We move so fast in social media, that it’s a good exercise to step back and reflect now and then on the pace of change.
In many industries, such as pharmaceuticals or energy, a new idea may take 10 or more years to become available on the market. Think of prescription drugs or the first use of a new oil field. Even in technology, the advent of the worldwide web in 1989 didn’t cause us to drop everything we were doing overnight and change. The reality is that it is normal for change to occur over a decade or more.

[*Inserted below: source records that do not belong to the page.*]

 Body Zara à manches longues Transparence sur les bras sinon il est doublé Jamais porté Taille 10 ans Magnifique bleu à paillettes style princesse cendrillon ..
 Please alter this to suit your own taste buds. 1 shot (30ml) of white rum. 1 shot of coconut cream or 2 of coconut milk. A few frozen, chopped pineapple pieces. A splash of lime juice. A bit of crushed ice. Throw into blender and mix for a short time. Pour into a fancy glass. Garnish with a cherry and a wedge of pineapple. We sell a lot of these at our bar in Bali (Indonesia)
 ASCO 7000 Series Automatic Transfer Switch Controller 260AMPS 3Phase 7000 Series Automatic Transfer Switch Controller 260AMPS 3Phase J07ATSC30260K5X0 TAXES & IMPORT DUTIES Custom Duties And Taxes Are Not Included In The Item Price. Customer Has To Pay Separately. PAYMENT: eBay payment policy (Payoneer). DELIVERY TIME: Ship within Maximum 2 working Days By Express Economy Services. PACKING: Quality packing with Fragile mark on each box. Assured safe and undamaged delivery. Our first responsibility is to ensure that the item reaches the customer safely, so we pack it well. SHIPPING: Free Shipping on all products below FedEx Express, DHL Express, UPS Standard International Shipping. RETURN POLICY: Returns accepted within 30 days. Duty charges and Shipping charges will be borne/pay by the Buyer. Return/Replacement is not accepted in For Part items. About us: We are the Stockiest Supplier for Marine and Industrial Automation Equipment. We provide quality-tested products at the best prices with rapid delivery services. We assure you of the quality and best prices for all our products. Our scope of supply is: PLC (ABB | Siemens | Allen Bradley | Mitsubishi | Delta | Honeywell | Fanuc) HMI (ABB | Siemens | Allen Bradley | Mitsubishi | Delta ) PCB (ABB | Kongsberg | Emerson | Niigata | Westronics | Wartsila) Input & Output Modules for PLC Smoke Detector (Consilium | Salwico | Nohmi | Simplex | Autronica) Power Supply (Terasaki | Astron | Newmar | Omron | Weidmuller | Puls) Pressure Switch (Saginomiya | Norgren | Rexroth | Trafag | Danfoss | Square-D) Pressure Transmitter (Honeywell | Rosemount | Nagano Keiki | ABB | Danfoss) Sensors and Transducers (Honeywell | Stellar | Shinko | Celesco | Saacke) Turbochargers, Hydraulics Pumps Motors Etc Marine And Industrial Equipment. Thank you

In social media, our ability to use a new platform or tool immediately can sometimes cloud our perspective on it’s long term utility. We all fall into the habit of judging what a tool is doing “right now”, rather than what it will evolve into. Why? Well, it’s easy to analyze what is in front of us. Much harder to see around the corner. And yet, history shows that what’s around the corner is often much more interesting.

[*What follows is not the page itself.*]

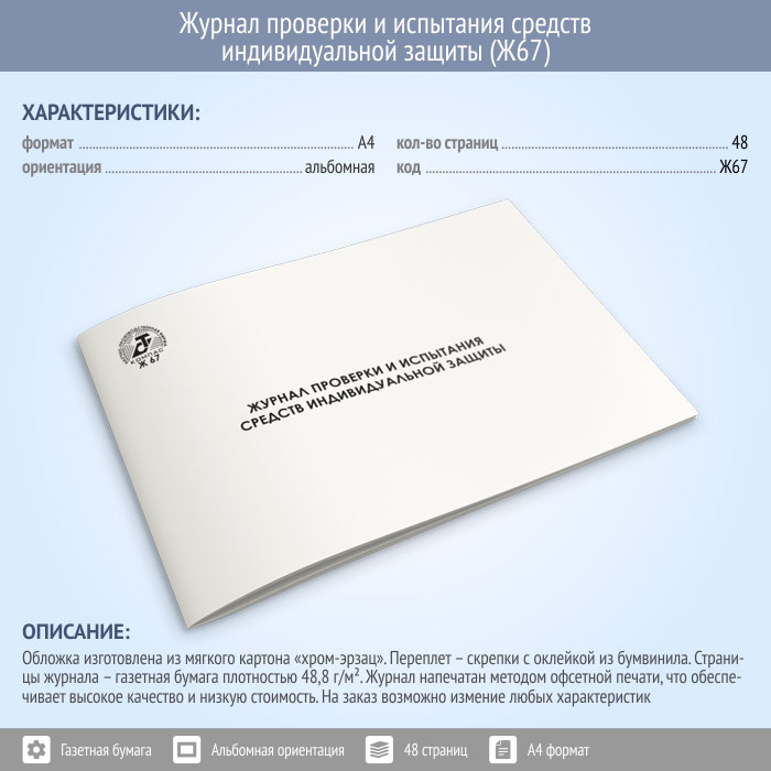 Журнал проверки и испытания средств индивидуальной защиты (48 стр., Ж67) в Верее купить

Let’s focus on Twitter today, as an example. When it started in 2006, it was met with “why” as in “why would I ever use this tool”? That evolved by March, 2007 at SXSW as bloggers answered the why. It was a completely new way to keep in touch in real time, quickly, accurately and with a dash of fun. So, the momentum slowly built and slow is accurate. It really wasn’t until the fall of 2008 that Twitter started to become a tool where larger numbers of companies and individuals were asking the “what” question, as in “what value will this bring to my business or effort?”. The what started to be answered by Zappos, ComCast, Dell, Kogi BBQ, J&J, GE and many other companies who realized that Twitter could drive revenue, improve customer service, serve as a great way to share company information and much more. In 2009, we are now in the land of “How”, as companies across the board are addressing “how they will most effectively utilize Twitter”. It’s no longer a question of should one participate, but how do you do it in the best way for your company.
So, in three years, a lot has happened. An amazing amount of progress. But, we are yet to address “where” as in “where does this tool/platform evolve and how does it truly disrupt how we do business?” In the “where phase”, we’ll start to talk about topics, such as “How do you build a global network of twitter accounts to drive revenue for a particular product? Today, our best examples tend to be U.S.-centric, yet Twitter has a very strong global audience.

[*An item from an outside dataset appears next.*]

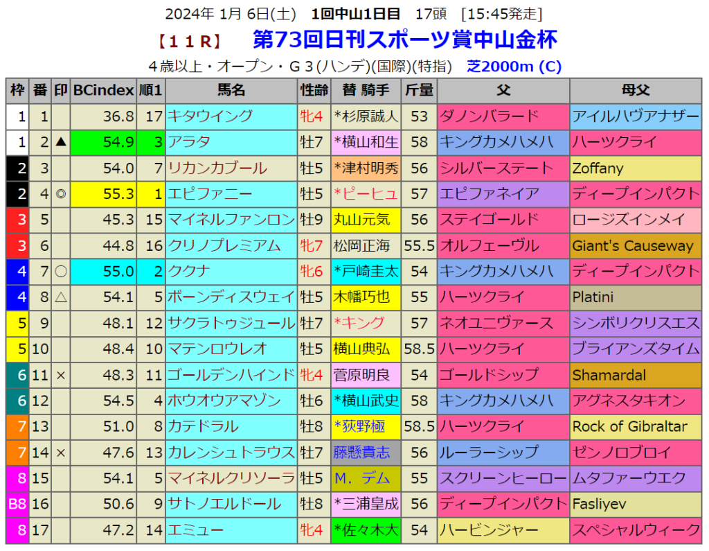 中山と京都開催ですが、まだ京都競馬場のBC-indexはありません。おそらく3回開催あたりから対応できるコースが徐々に出てきそうです。

We’ll also address much more provactive topics, such as “can microblogging replace email”? After all, who enjoys getting emails in their inbox reminding them constantly of discounts? Marketers know emails have low utlility, but they hope that the law of big numbers works in their favor. Send out a gazillion and some folks will respond. You cannot get more counter to the revolution of social media. I am fairly sure there will not be protests in cities worldwide if email advertising stopped tomorrow. All we have to do is develop a way to create one message and deliver it to the account you want (Facebook, Orkut, LinkedIn, Plaxo, etc) on the information that you have expressed an interest in receiving, e.g. size 36 blue jeans of a certain type when on sale vs. “Company x now has 25% off everything on Saturday”. When customers can get what they want wherever they are, email is irrelevant. It will become an unncessary middleman between a company and its customers.
So back to perspective. Twitter is just getting started. We are all just three years into a journey on how to share content with each other in new ways that are more cost-effective, more targeted and, ultimately, much more in line with what we all want as customers.
The next three years will bring change that will make the first three look simplistic. Will be fun.